Both children were fond of music, as the daughter and son of parents so
musical might well be. When the youthful pair were a little older they
would stand still and quiet in the music-room to hear the Prince-father
discourse sweet sounds on his organ, and the Queen-mother sing with one of
her ladies, "in perfect time and tune," with a fine feeling for her songs,
as Mendelssohn has described her. The small people furnished a
never-ending series of merry anecdotes and witticisms all their own, and
would have gone far to break down the highest dead wall of stiffness and
reserve, had such a barrier ever existed. Now it was the little Princess,
a quaint tiny figure "in dark-blue velvet and white shoes, and, yellow kid
gloves," keeping the nurseries alive with her sports, showing off the new
frocks she had got as a Christmas-box from her grandmamma, the Duchess of
Kent, and bidding Miss Liddell put on one. Now it was the Queen offending
the dignity of her little daughter by calling her "Missy," and being told
in indignant remonstrance, "I'm not Missy--I'm the Princess Royal." Or it
was Lady Lyttelton who was warned off with the dismissal in French, from
the morsel of royalty, not quite three, "N'approchez pas moi, moi ne
veut pas vous;" or it was the Duke of Wellington, with a dash of old
chivalry, kissing the baby-hand and bidding its owner remember, him. Or
the child was driving in Windsor Park with the Queen and three of her
ladies, when first the Princess imagined she saw a cat beneath the trees,
and announced, "Cat come to look at the Queen, I suppose." Then she longed
for the heather on the bank, and asked Lady Dunmore to get her some; when
Lady Dunmore said she could not do that, as they were driving so fast, the
little lady observed composedly, "No, you can't, but those
girls," meaning the two Maids of Honour, in the full dignity of their
nineteen or twenty summers and their office, "might get me some."

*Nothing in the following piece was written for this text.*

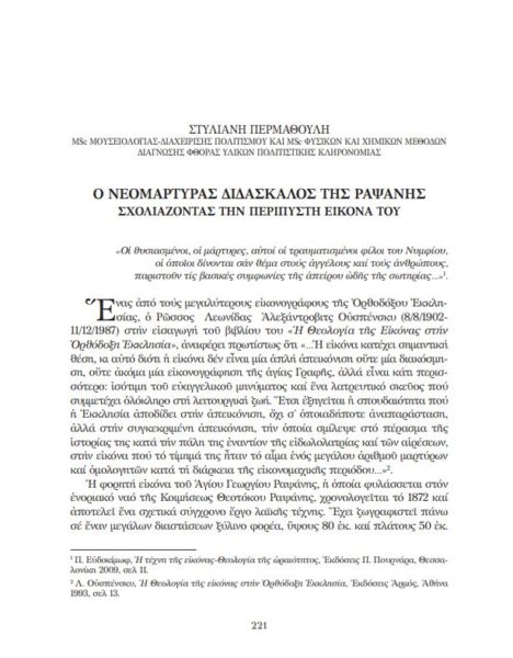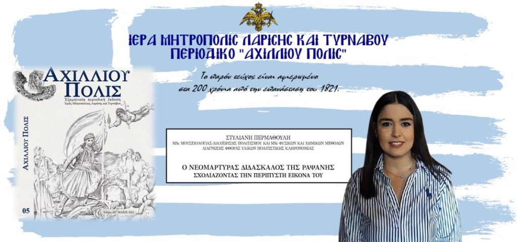 Διαβάστε το Άρθρο της κας Στυλιανής Περμαθούλη, MSc Μουσειολογίας-Διαχείρισης Πολιτισμού και MSc Φυσικών και Χημικών μεθόδων διάγνωσης φθοράς υλικών Πολιτιστικής Κληρονομίας, υπό το θέμα: “Ο Νεομάρτυρας Διδάσκαλος Της Ραψάνης – Σχολιάζοντας Την Περίπυστη Εικόνα Του”, όπως αυτό δημοσιεύτηκε στην Περιοδική Έκδοση “ΑΧΙΛΛΙΟΥ ΠΟΛΙΣ” της Ιεράς Μητροπόλεως Λαρίσης και Τυρνάβου,

Windsor Castle in the height of summer, Windsor in the park among the old
oaks and ferns, Windsor on the grand terrace with its glorious English
view, might well leave bright lingering memories in a susceptible young
mind. So we hear of a delightful ride, when the kind Queen mounted her
Maid of Honour on a horse which had once belonged to Miss Liddell's
sister, and in default of Miss Liddell's habit, which was not forthcoming,
lent her one of the Queen's, with hat, cellar and cuffs to suit, and the
two cantered and walked over the greensward and down many a leafy glade
for two hours and a half. Once, we are told, the Queen, the Prince, and
the whole company went out after dinner in the warm summer weather, and
promenaded in the brilliant moonlight, a sight to see, with the lit-up
castle in the background, the men in the Windsor uniform, the women in
full dress, like poor Marie Antoinette's night promenades at Versailles,
or a page from Boccaccio.
Running through all the young Maid of Honour's diary is the love which
makes all service light; the loyal innocent sense of hardship at being in
waiting and not seeing the Queen "at least once a day;" the affectionate
regret to lose any of her Majesty's company; the pride and pleasure at
being selected by the Queen for special duties.